Pre-operative Plan:

Gabapentin 10 mg/kg PO
Cerenia 2 mg/kg PO

Please give the following drugs 2-3 hours before the procedure if possible. These medications will help with sedation for the catheter and prevent vomiting in the peri-operative period.
**Please give Acepromazine 0.02 mg/kg IM if the patient is uncooperative for the catheter. Although this patient is not exhibiting signs of a collapsing trachea, the swelling under the tongue may compromise the airway if the patient becomes stressed.

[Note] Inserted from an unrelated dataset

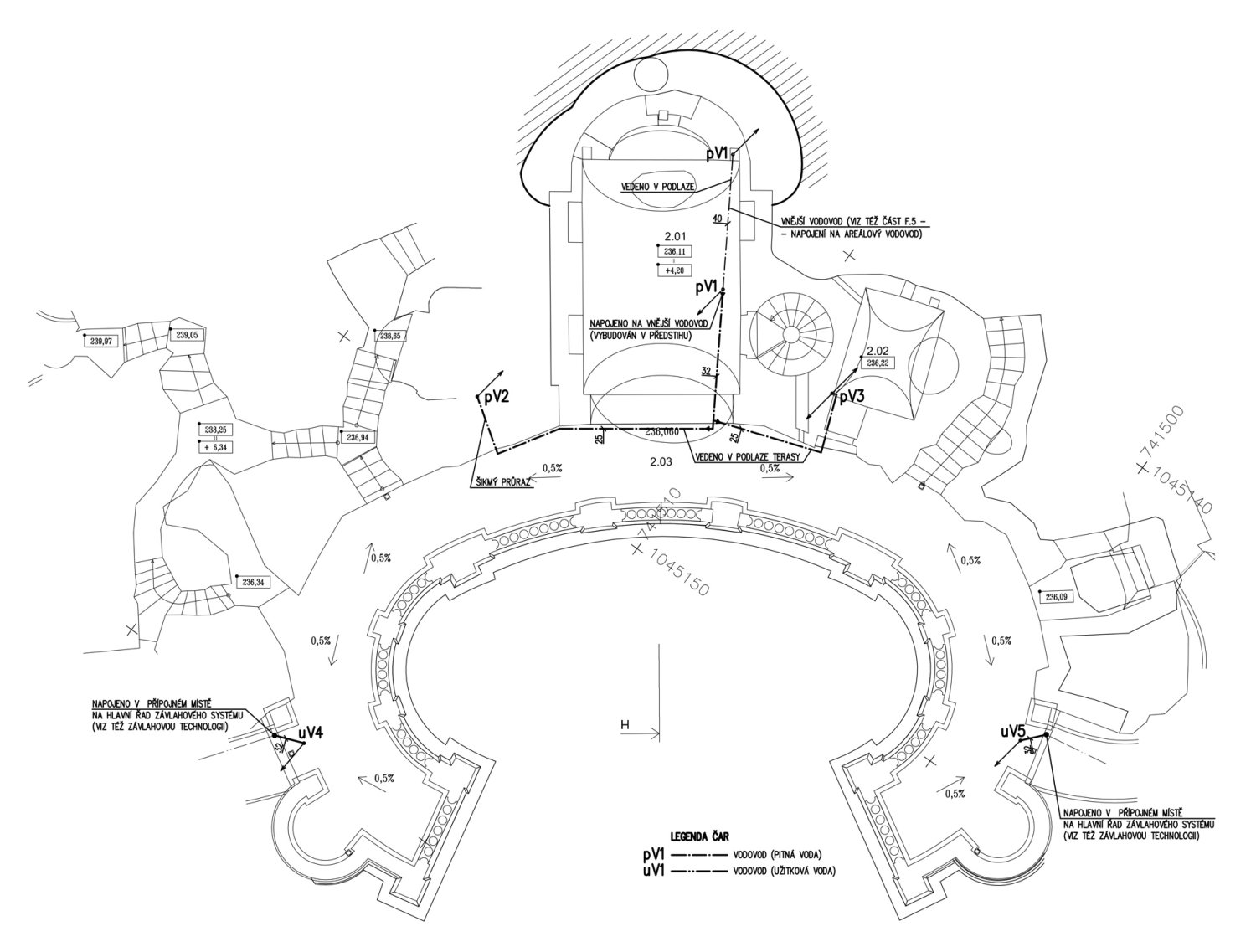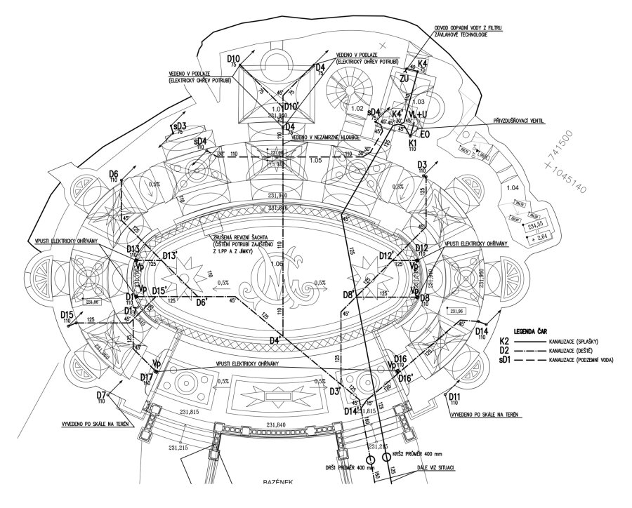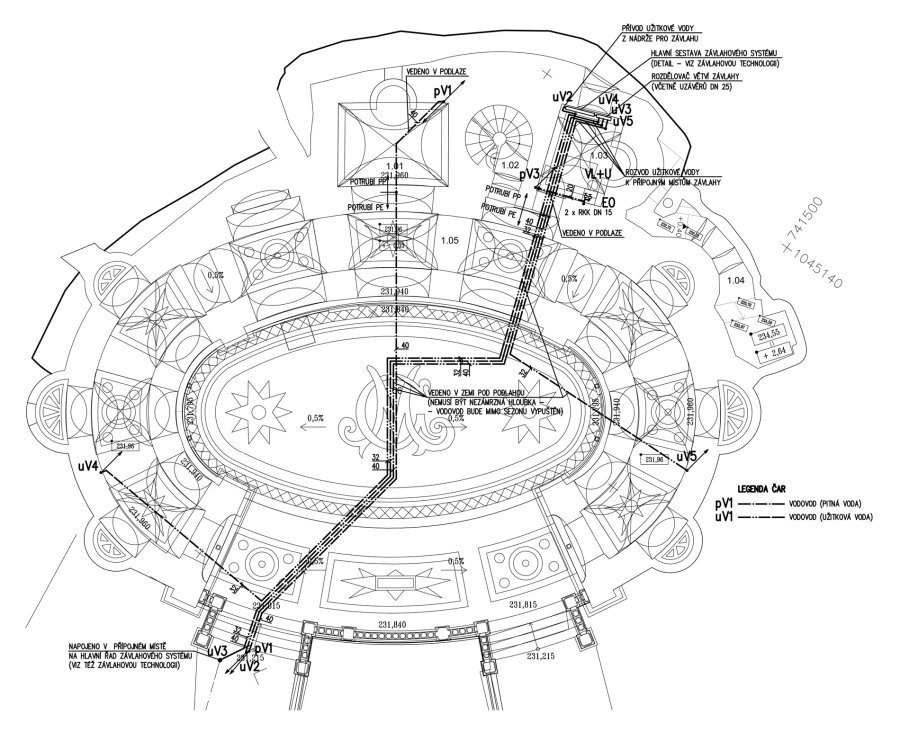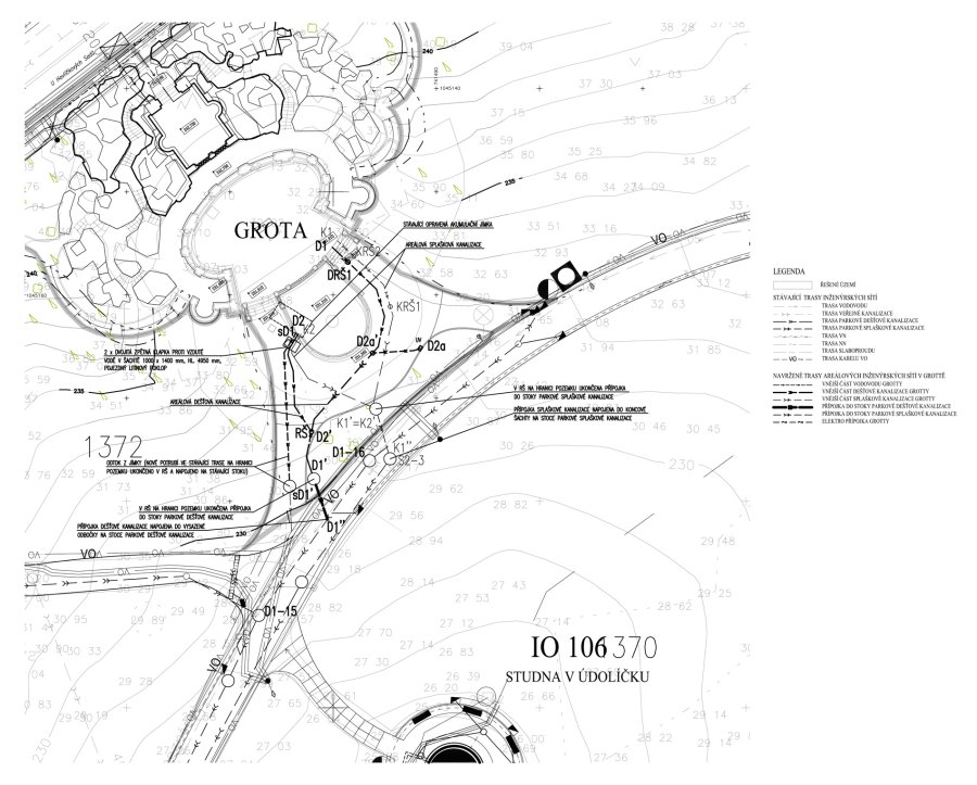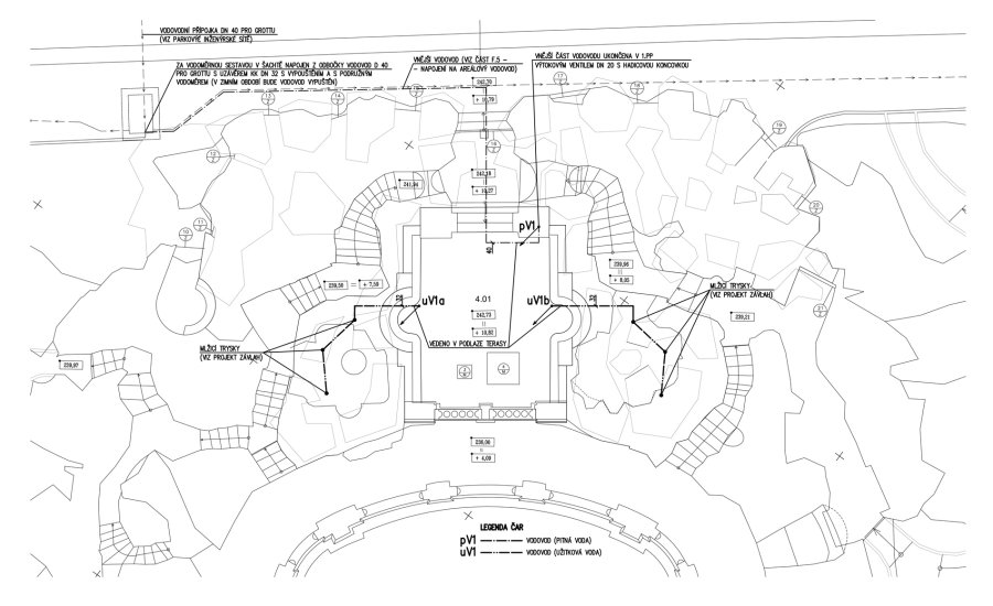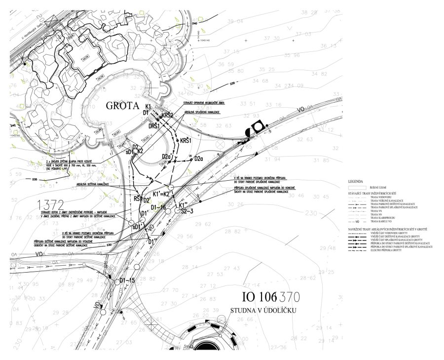 Naše kancelář Růžička a partneři s.r.o. v rámci celkové rekonstrukce grotty (umělé jeskyně) v Havlíčkových sadech zajišťovala ve stupních DSP a DPS projektovou dokumentaci zdravotně-technických instalací (vodovod a kanalizace) v objektu včetně napojení na vnější sítě. Z vodovodní přípojky byl navržen rozvod pitné vody pro potřeby cateringu, k napájení fontánek ve 3.NP a mlžících trysek ve 4.NP a pro doplňování vody v akumulačních jímkách. Dvě akumulační jímky (jedna pro závlahu, druhá pro fontánu) jsou osazeny v rekonstruovaném a upraveném stávajícím podzemním objektu. Vedle jímek byl v tomto objektu vytvořen technologický prostor pro provoz fontány. V jímkách je akumulována prosakující, a trvale přitékající voda z prostoru grotty a odpadní voda z fontánek. Tato užitková voda je z jímek přivedena do technologické místnosti pro závlahy v 1.NP, a kromě potřeb závlahy je využívána také pro doplňování vody v systému fontány. Dešťová a splašková voda z grotty je odváděna dvěma novými přípojkami do stok oddílné areálové (parkové) kanalizace k dalšímu využití (závlahy).

Given the elevated BUN and creatinine, I would place the patient on a balanced crystalloid at 5 mls/kg/hr before surgery. Ideally, the patient would receive 4-6 hours of fluid therapy before the procedure, and I would recheck a renal profile when the catheter is placed.

Analgesia: Buprenorphine 0.02 mg/kg IV or hydromorphone 0.05 mg/kg IV.

Induction: Propofol or alfaxalone 4 mg/kg IV
**Provide 100% O2 via facemark before induction for 5 minutes.

Maintenance: Isoflurane 1-2% or sevoflurane 2-3% with 100% O2 at 1 L/min.

Fluid Therapy: 5 mls/kg/hr with a balanced crystalloid for the entire peri-operative period.

Monitoring: SPO2, non-invasive blood pressure, ECG, capnography and temperature

Dental Locoregional Techniques: Lidocaine or bupivicaine: 1 mg/kg. Allow > 20 minutes for the blocks to take effect. I often perform them after the oral radiographs so they can take effect during the prophylactic cleaning.

Post-operative Plan: As mentioned, if the patient is dysphoric or stressed in the post-operative period, please give acepromazine 0.01 mg/kg IV. I typically dilute the dose in saline as it is a very small volume and give half the dose (0.005 mg/kg) IV first, then titrate to effect.

I recommend using a portable pulse oximeter in the recovery period for monitoring, given the patient's age and the oropharyngeal swelling. If the SPO2 drops below 95%, then flow-by O2 is recommended until the patient is able to maintain a SPO2 above 95%.

Pain Management: buprenorphine 0.01 mg/kg or hydromorphone 0.05 mg/kg IV can be given if needed. Given it's azotemia, I would be cautious prescribing a NSAID for post-operative pain management.